===== Input for this task
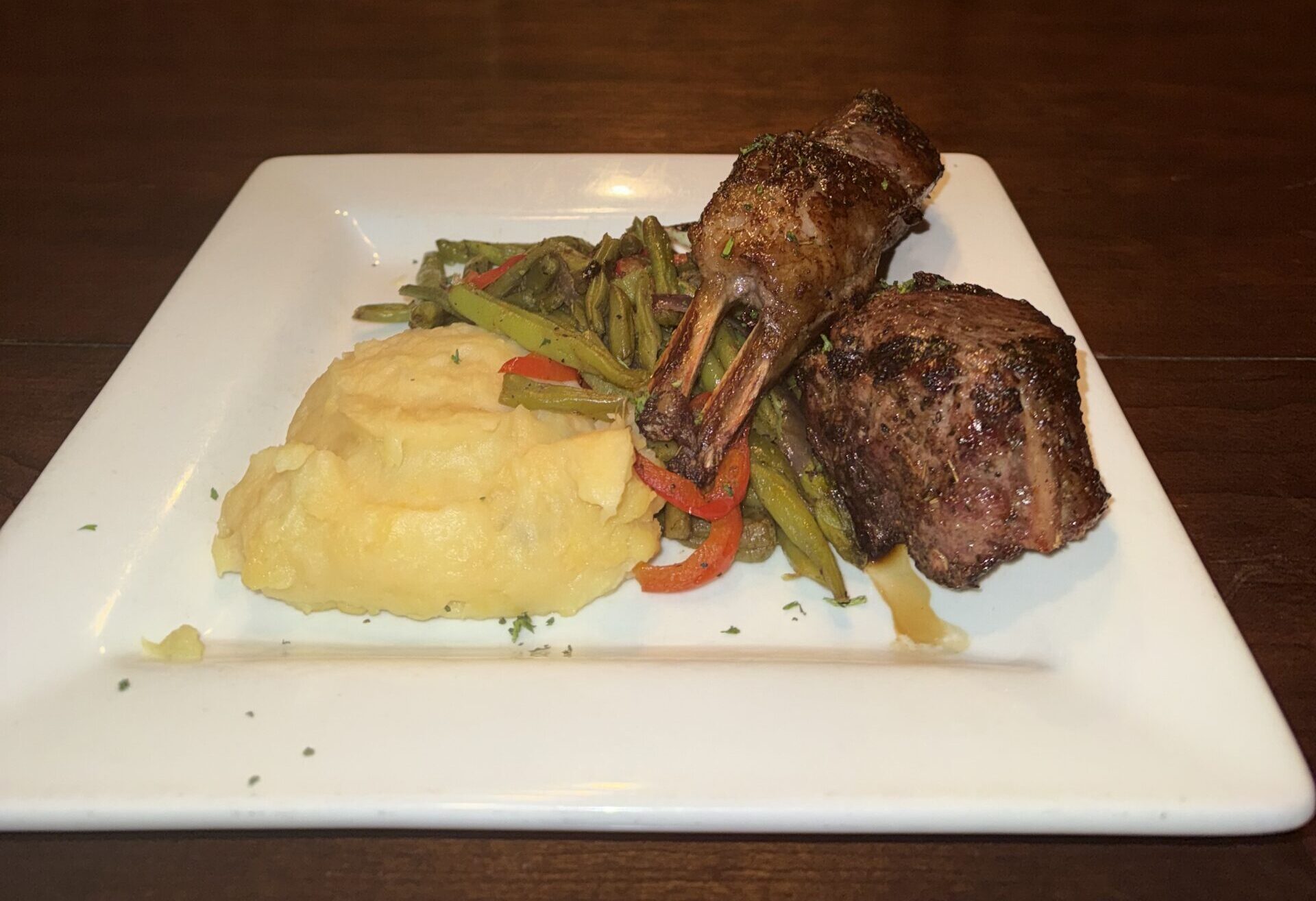 A half rack of grilled Australian lamb paired with a house-made mustard thyme sauce served with mashed potatoes and seasonal vegetables
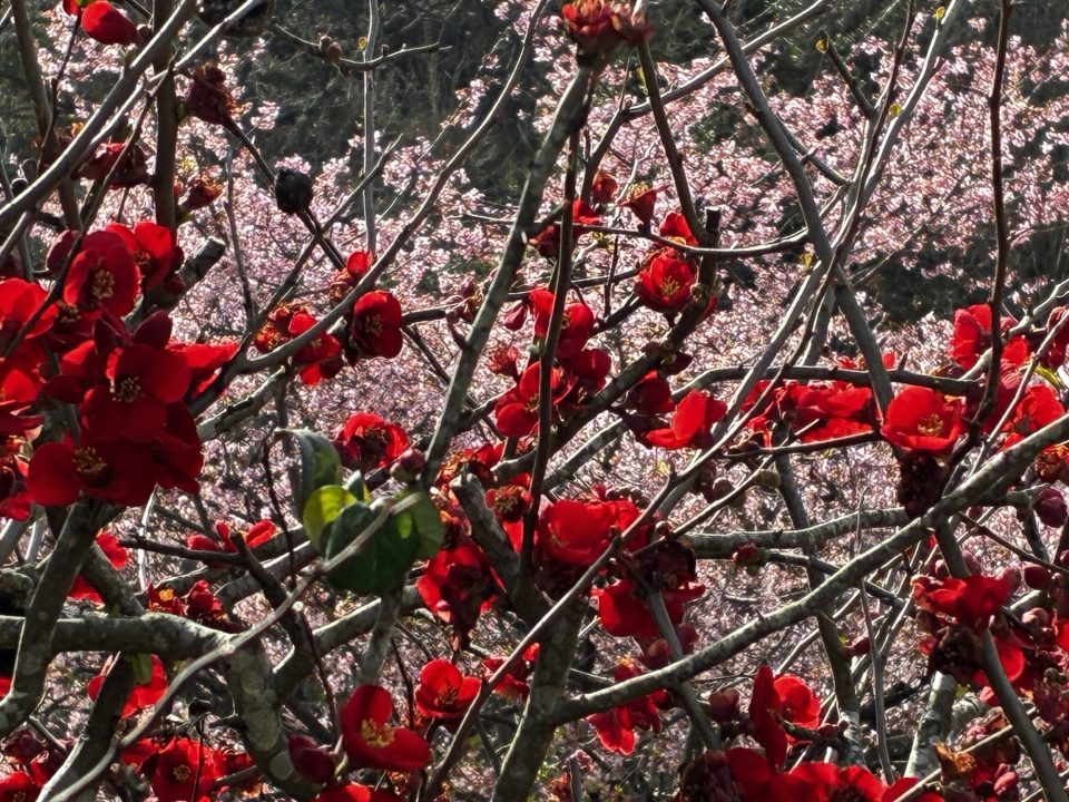 今日は一日雨予報です。まとまった雨になって、春が着実に来てるなと感じます。河津桜の種類だと思いますが、ボケの花とのコラボ、綺麗です。
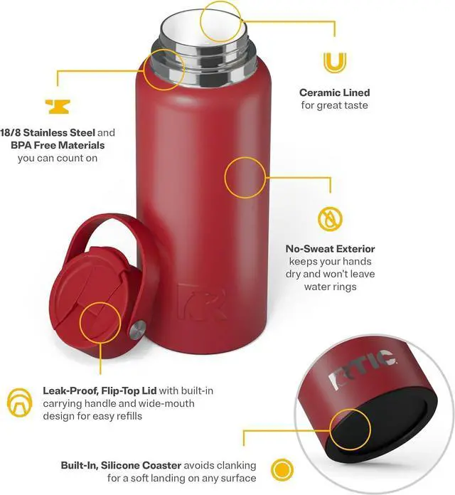 FLIP-TOP LID: Stay hydrated with this BPA free water bottle without spills or leaks thanks to the flip-top lid with a secure seal to prevent leaks and spills; this flask water bottle also has built-in carrying ring
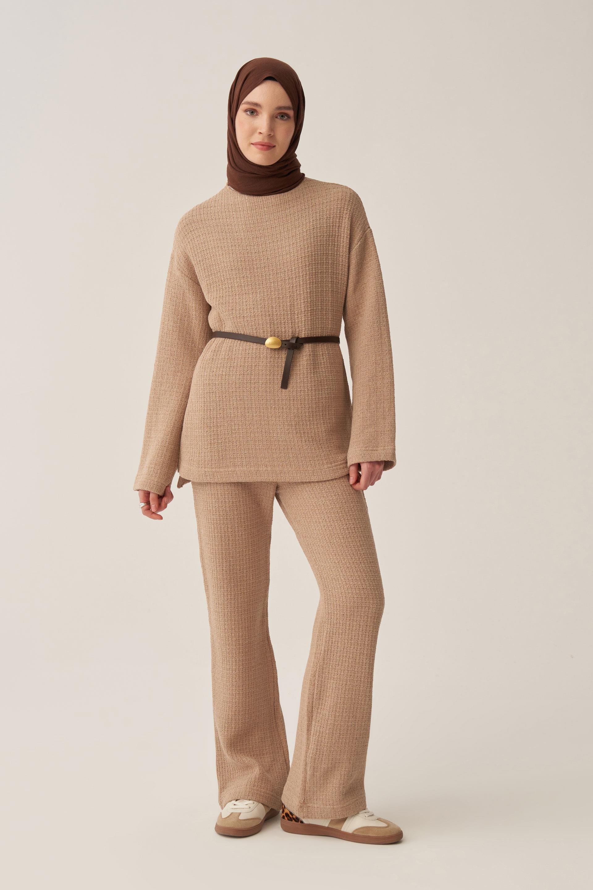 Bej-Triko Efektli Pantolonlu Takım (W30109A0)
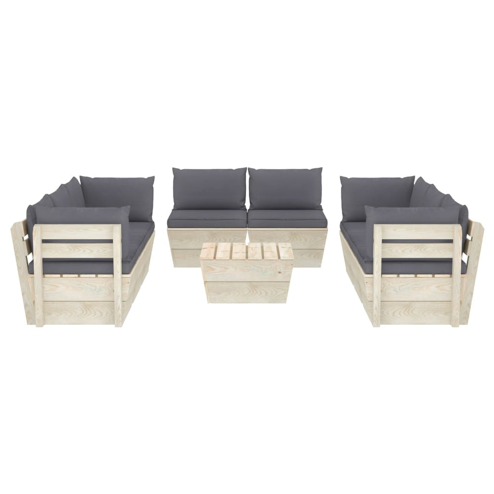 De tuinmeubelset is gemaakt van geïmpregneerd vurenhout waardoor hij duurzaam en stabiel is. Deze set heeft een massieve constructie en vereist weinig onderhoud. Het stevige tafelblad is ideaal om eten en drinken binnen handbereik te houden. Dankzij de 100% polyester bekleding en dikke vulling zijn de palletkussens zacht en zeer comfortabel. Bovendien maakt het modulaire ontwerp het mogelijk om de set in elke gewenste samenstelling te plaatsen.
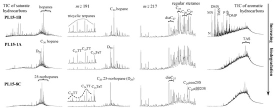 Recently, a suite of genetically related crude oils from the Miaoxi Depression of the Bohai Bay Basin, China, subjected to light to very severe biodegradation, was studied by Cheng et al., analyzing the effects of biodegradation on saturated and aromatic hydrocarbons [38,39,40]. A subset of three crude oils from the archive were used in this study. They comprise a reference oil (PL15-1B, slightly biodegraded) and two severely biodegraded oils (PL15-1A and PL15-8C) with increasing extents of biodegradation (Table 1). Figure 1 shows the distribution of biomarkers and aromatic hydrocarbons in the crude oils. n-Alkanes were removed, and isoprenodis, tricyclic terpanes, hopanes, steranes, and aromatic hydrocarbon were found intact in the PL15-1B oil, suggesting slightly biodegradation. In the PL15-1A oil, n-alkanes and isoprenodis were removed, naphthalenes and phenanthrenes were considerably depleted, hopanes and regular steranes were significantly altered, but tricyclic terpanes were intact, suggesting severe biodegradation (level 7 based on the Peters and Moldowan biodegradation scale [3]. The PL15-8C oils was more severely biodegraded (level 8), as n-alkanes, isoprenodis, hopanes, steranes, and aromatic hydrocarbon were almost completely removed, and C19–C23 tricyclic terpanes were considerably altered.
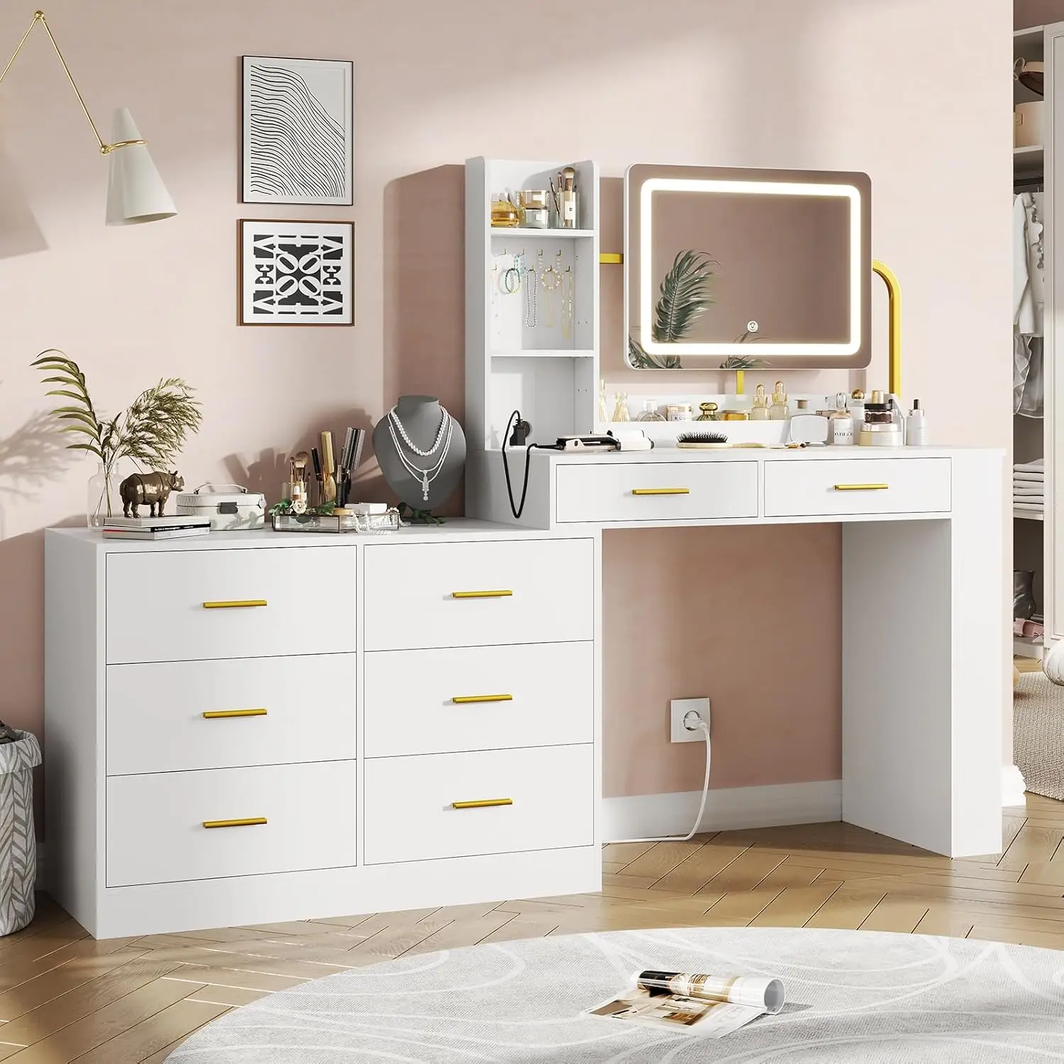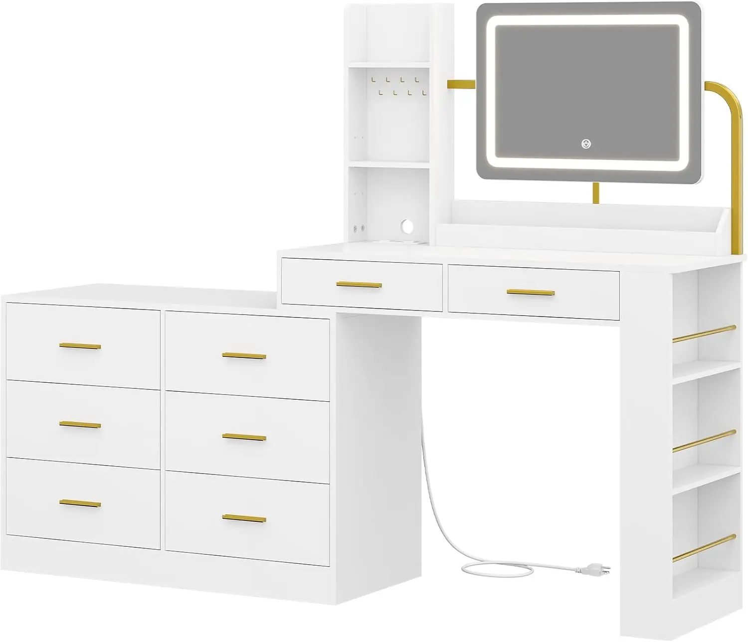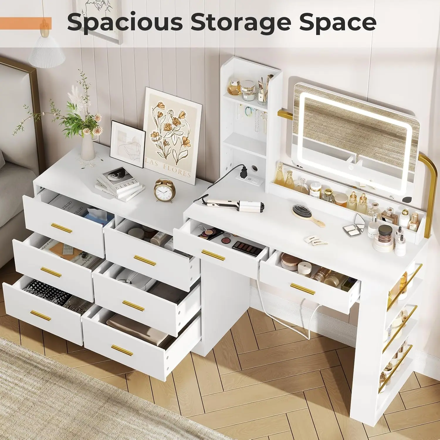 Vanity Desk w/ Mirror & Lights, White Makeup Dressing Vanity Table w/ Charging Station, 8 Drawers, 3 Tiers Tabletop Shelves
==========
▶ **Task brief**
Every line of the listing is to be retyped exactly; pictures stay out.

▶ **Answer for this exercise**
 A half rack of grilled Australian lamb paired with a house-made mustard thyme sauce served with mashed potatoes and seasonal vegetables
 今日は一日雨予報です。まとまった雨になって、春が着実に来てるなと感じます。河津桜の種類だと思いますが、ボケの花とのコラボ、綺麗です。
 FLIP-TOP LID: Stay hydrated with this BPA free water bottle without spills or leaks thanks to the flip-top lid with a secure seal to prevent leaks and spills; this flask water bottle also has built-in carrying ring
 Bej-Triko Efektli Pantolonlu Takım (W30109A0)
 De tuinmeubelset is gemaakt van geïmpregneerd vurenhout waardoor hij duurzaam en stabiel is. Deze set heeft een massieve constructie en vereist weinig onderhoud. Het stevige tafelblad is ideaal om eten en drinken binnen handbereik te houden. Dankzij de 100% polyester bekleding en dikke vulling zijn de palletkussens zacht en zeer comfortabel. Bovendien maakt het modulaire ontwerp het mogelijk om de set in elke gewenste samenstelling te plaatsen.
 Recently, a suite of genetically related crude oils from the Miaoxi Depression of the Bohai Bay Basin, China, subjected to light to very severe biodegradation, was studied by Cheng et al., analyzing the effects of biodegradation on saturated and aromatic hydrocarbons [38,39,40]. A subset of three crude oils from the archive were used in this study. They comprise a reference oil (PL15-1B, slightly biodegraded) and two severely biodegraded oils (PL15-1A and PL15-8C) with increasing extents of biodegradation (Table 1). Figure 1 shows the distribution of biomarkers and aromatic hydrocarbons in the crude oils. n-Alkanes were removed, and isoprenodis, tricyclic terpanes, hopanes, steranes, and aromatic hydrocarbon were found intact in the PL15-1B oil, suggesting slightly biodegradation. In the PL15-1A oil, n-alkanes and isoprenodis were removed, naphthalenes and phenanthrenes were considerably depleted, hopanes and regular steranes were significantly altered, but tricyclic terpanes were intact, suggesting severe biodegradation (level 7 based on the Peters and Moldowan biodegradation scale [3]. The PL15-8C oils was more severely biodegraded (level 8), as n-alkanes, isoprenodis, hopanes, steranes, and aromatic hydrocarbon were almost completely removed, and C19–C23 tricyclic terpanes were considerably altered.
 Vanity Desk w/ Mirror & Lights, White Makeup Dressing Vanity Table w/ Charging Station, 8 Drawers, 3 Tiers Tabletop Shelves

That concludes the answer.